Beginning with the first line below, retype exactly each line through the one containing "STATUE D'APÔTRE (?): Pierre.". Leave out all pictures.

Stored data:
=== Section Start ===
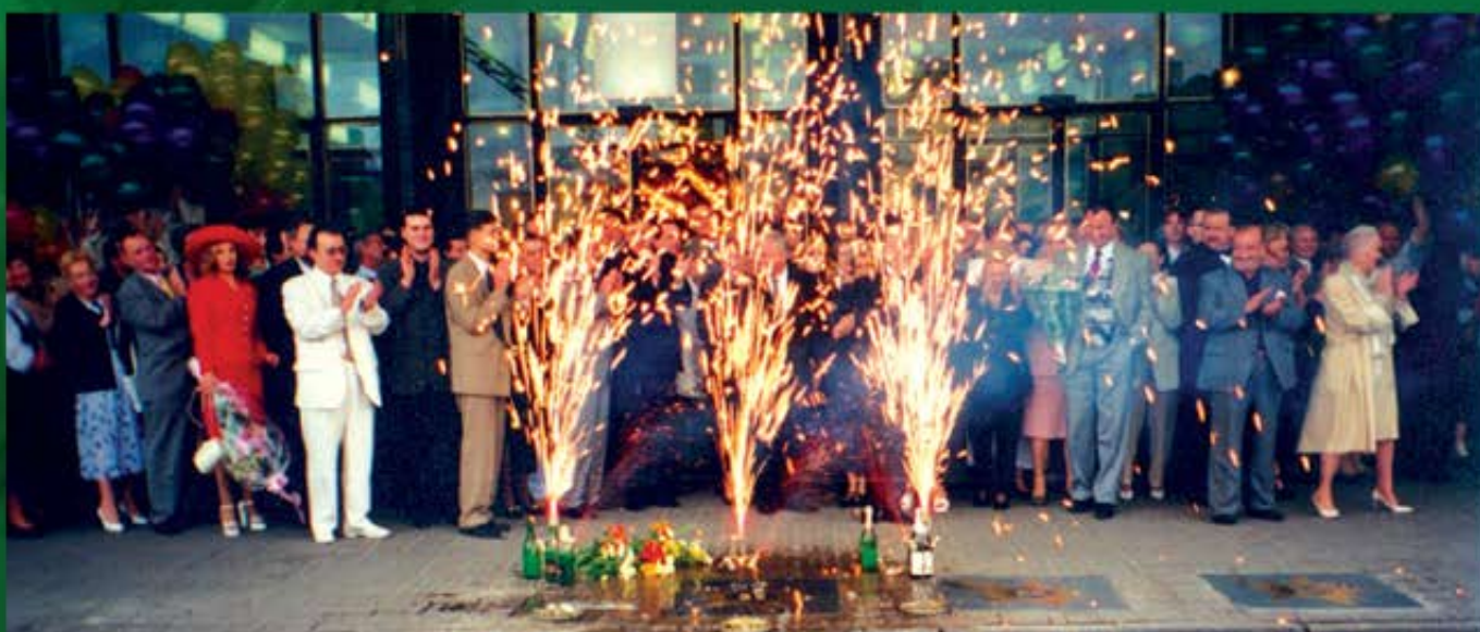
"Площадь звезд в Москве", центральная площадь у ГЦКЗ "Россия"

Премия «ОВАЦИЯ» организовала шоу-программы, посвященные открытию звезд Юрия Антонова, Ирины Понаровской, Шоу Бари Алибасова «НА-НА», Бориса Краснова, Бориса Брунова, Гелены Великановой, Махмуда Эсамбаева, Николая Сличенко и многих других.
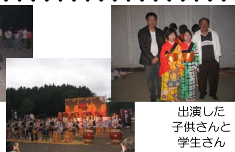
出演した 子供さんと 学生さん
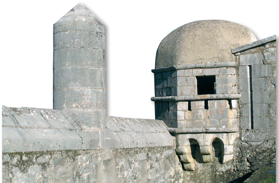
Face Nord : Echaugette et sa «Dame» (XIX e s.)
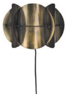
VEGGLJÓS KR. 12.900
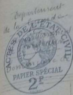
Table décennale des actes de Mariages de la commune de Saint André de Cubzac du 1 er Janvier 1913 au 31 Décembre 1922, dressée en vertu du décret du 27 janvier 1913 (1913 à 1922)

de la commune de Saint André de Cubzac 1 er Janvier 1913 au 31 décembre 1922, dressée en vertu du décret du 27 janvier 1913 (1913 à 1922)
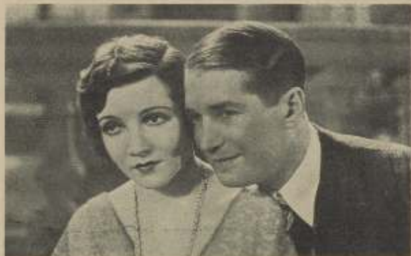
Otra vez tenemos a Maurice Chevalier y Claudette Colbert en una escena de «El gran charco»
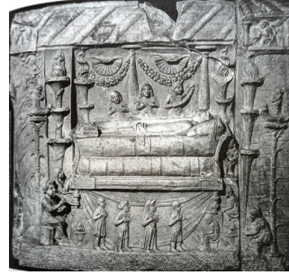
Fig. 5: Lectus funebris 59

Eller cinsiyetine göre şekillendirilip beden kefenlendikten sonra prothesis 60 töreni için naaş açık bir tabuta yerleştirilirdi. Kiliseye taşınması yürüyüş alayı eşliğinde gerçekleştirilmekteydi (Fig. 6). Bu yürüyüş alayı seremonisi Paganlardaki cenaze törenlerinde de var olan bir ritüeldir (Fig. 7) 61 .
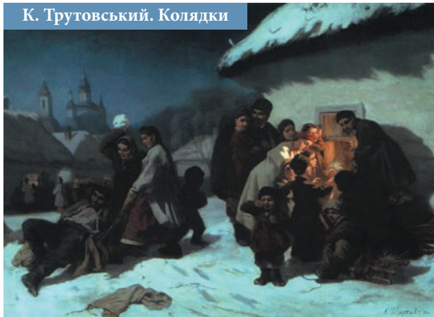
К. Трутовський. Колядки

Засіяла звізда з неба до землі, Зійшли ангели к Діві Марії. Співають Їй пісні, Господній Невісті, Радості приносять.
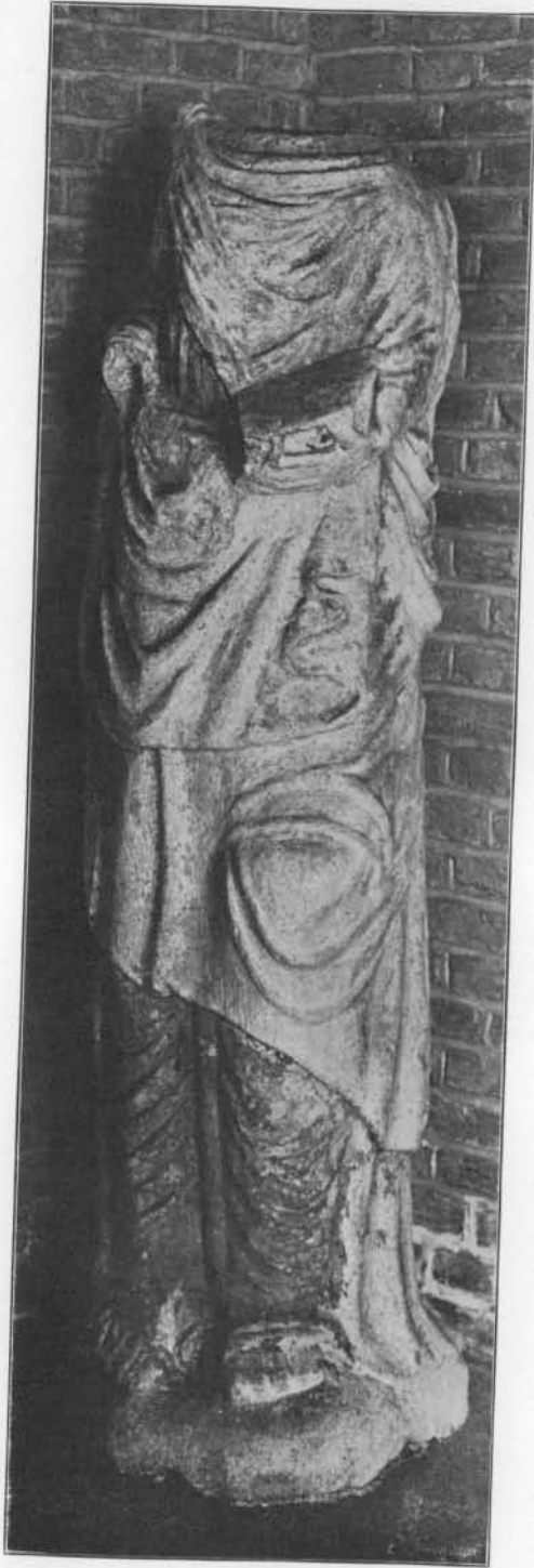
STATUE D'APÔTRE (?): Pierre. Prem. tiers du XVI e s. Trouvée sur l'emplacement de l'ancien Château des Templiers, à Villers-le-Temple, (Musée arch. de Liège).

ment dessinés et lui donnent une ressemblance avec le saint Corneille de Hasselt: les yeux ont à peu près la même forme, la paupière supérieure étant rectiligne, la paupière inférieure étant au contraire fortement incurvée; même type de nez aussi, long, droit et assez lourd; même dessin de la bouche aux coins abaissés. Les deux œuvres sont peut-être d'artistes différents mais qui appartiennent au même milieu, à la même école.
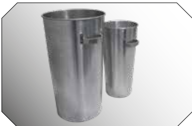
Modular: Auf Wunsch auch mit Innenbehälter aus Alu erhältlich.
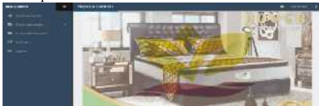
Gambar.3. Tampilan form menu admin

Tampilan menu admin merupakan tampilan awal setelah login sebagai admin. Dari gambar diatas terlihat beberapa menu dimana diantaranya adalah
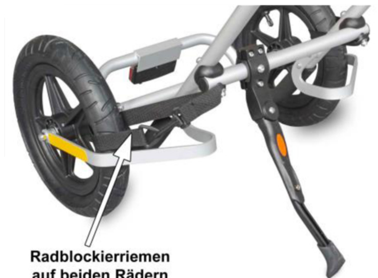
Radblocierriemen auf beiden Rädern

Achten Sie bei geneigten Fahrbahnen oder beim Beladen, dass sich der Fahrradanhänger nicht selbstständig in Bewegung versetzen kann und u.U. auch das Fahrrad mit sich ziehen kann. Sichern Sie daher auf geneigten Flächen beide Räder des Anhängers mit den beiden Feststellriemen des Anhängers.
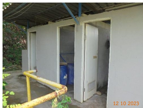
รูปที่ 2-17 ห้องน้ำภายในบริเวณโครงการ
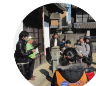
八尾のおはなし・まちあるき (H24)
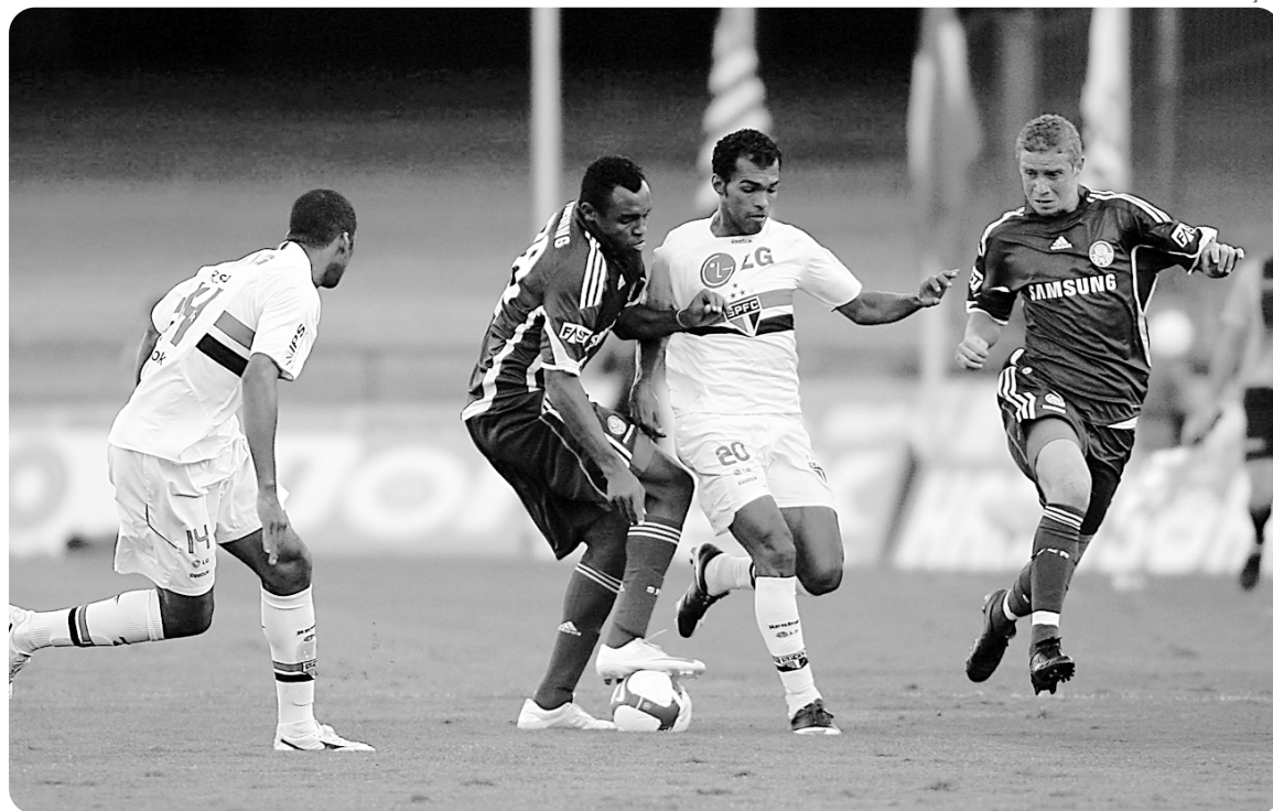
No clássico paulista, São Paulo e Palmeiras ficaram iguais no placar, num dos jogos mais fracos do Brasileiro

Na verdade a rodada começou quarta-feira (26) com o empate entre Barueri e Corinthians, por 2 a 2, e teve outros três jogos sábado (29) à noite, com vitórias dos mandantes: Flamengo, Coritiba e Náutico.
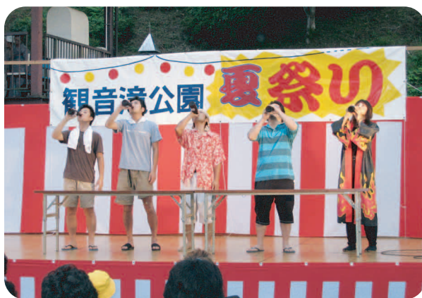
ビールの早飲み挑戦
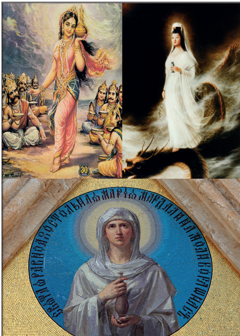
Amrita-symboliek in verschillende wereldgodsdiensten Boven links: Mohini Devi (een avatar van Vischnoe) – hindoeïsme Boven rechts: Quan Yin – boeddhisme, taoïsme. Onder: Maria Magdalena – christendom
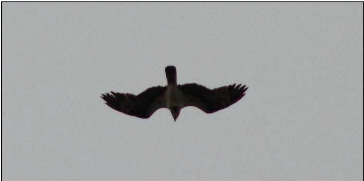
Abb. 3: 1 ad. Ind. Fischadler Pandion haliaetus im Streckenflug. Man beachte auch hier die starke Gefiederabnutzung; Datum: 21.03.2013; Ort: Alfdorf
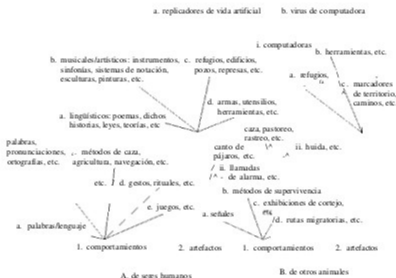
Taxonomía simple de los nuevos replicadores

los investigadores y asumir una «vida» por sí mismos en el rico y novedoso medio de Internet.
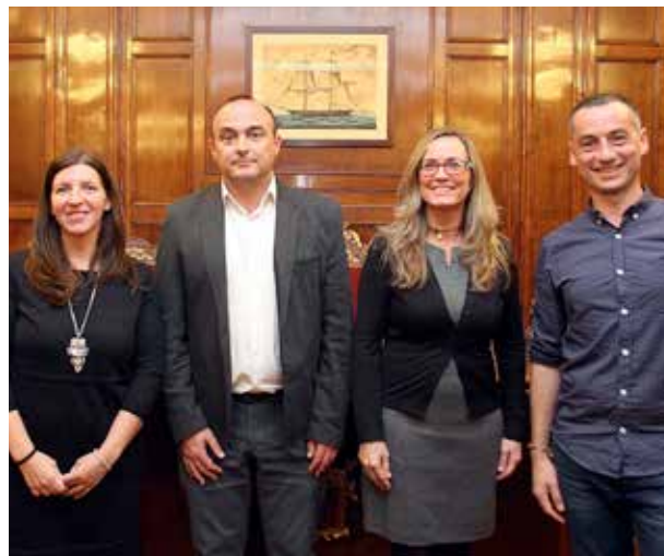
Els autors de la monografia, amb l'alcalde i la regidora al mig.

No era el primer cop que Roig i Rico resultaven guanyadors d'aquesta Beca. La tercera edició va recaure també en ells, donant com a resultat la publicació El cementiri, un museu a l'aire lliure , una obra que va recollir el parc escultòric de l'equipament i que també va incloure l'obra funerària de l'arquitecte Bonaventura Bassegoda i Amigó. Però el cementiri no va ser on va deixar només empremta aquest
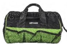
Сумка для хранения мойки и аксессуаров к ней
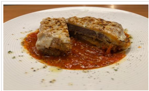
牛タンチーズカツレツ
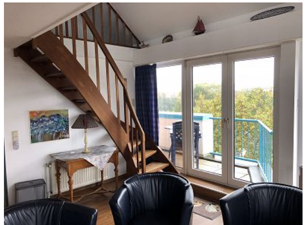
Wohn-Essbereich untere Etage
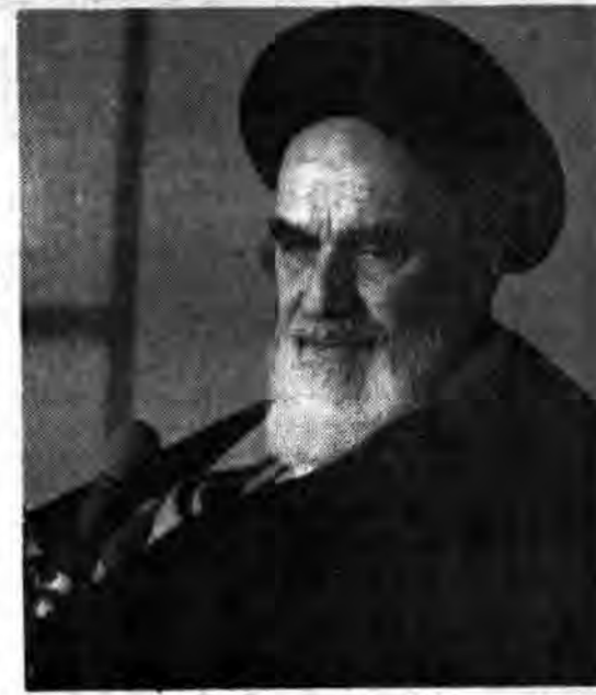
گروهی از روحانیون منطقه بختیاری شهرستان ایده و بانوان اعضاء جهاد دانشگاهی استان پیش از ظهر دیروز با امام امت دیدار کردند.

پیش از ظهر دیروز گروهی از روحانیون منطقه بختیاری شهرستان ایده و بانوان اعضاء جهاد دانشگاهی استان پیش از ظهر دیروز با امام امت دیدار کردند.
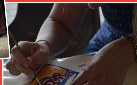
Atelier enluminure à la Médiathèque
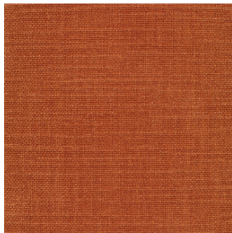
412 Esina, Rust Orange
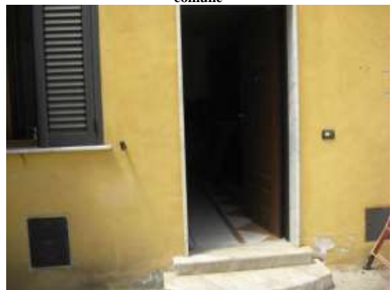
Figura 8 accesso all'appartamento al piano terra
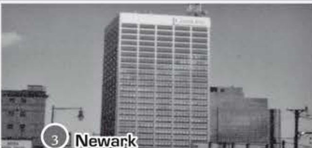
3 Newark One Gateway Center, Suite 2600 - 26th FL., Newark JC NJ 07102 - Tel.: 973-653-3945
=== Section End ===
*REPLY*:
"Площадь звезд в Москве", центральная площадь у ГЦКЗ "Россия"

Премия «ОВАЦИЯ» организовала шоу-программы, посвященные открытию звезд Юрия Антонова, Ирины Понаровской, Шоу Бари Алибасова «НА-НА», Бориса Краснова, Бориса Брунова, Гелены Великановой, Махмуда Эсамбаева, Николая Сличенко и многих других.
出演した 子供さんと 学生さん
Face Nord : Echaugette et sa «Dame» (XIX e s.)
VEGGLJÓS KR. 12.900
Table décennale des actes de Mariages de la commune de Saint André de Cubzac du 1 er Janvier 1913 au 31 Décembre 1922, dressée en vertu du décret du 27 janvier 1913 (1913 à 1922)

de la commune de Saint André de Cubzac 1 er Janvier 1913 au 31 décembre 1922, dressée en vertu du décret du 27 janvier 1913 (1913 à 1922)
Otra vez tenemos a Maurice Chevalier y Claudette Colbert en una escena de «El gran charco»
Fig. 5: Lectus funebris 59

Eller cinsiyetine göre şekillendirilip beden kefenlendikten sonra prothesis 60 töreni için naaş açık bir tabuta yerleştirilirdi. Kiliseye taşınması yürüyüş alayı eşliğinde gerçekleştirilmekteydi (Fig. 6). Bu yürüyüş alayı seremonisi Paganlardaki cenaze törenlerinde de var olan bir ritüeldir (Fig. 7) 61 .
К. Трутовський. Колядки

Засіяла звізда з неба до землі, Зійшли ангели к Діві Марії. Співають Їй пісні, Господній Невісті, Радості приносять.
STATUE D'APÔTRE (?): Pierre. Prem. tiers du XVI e s. Trouvée sur l'emplacement de l'ancien Château des Templiers, à Villers-le-Temple, (Musée arch. de Liège).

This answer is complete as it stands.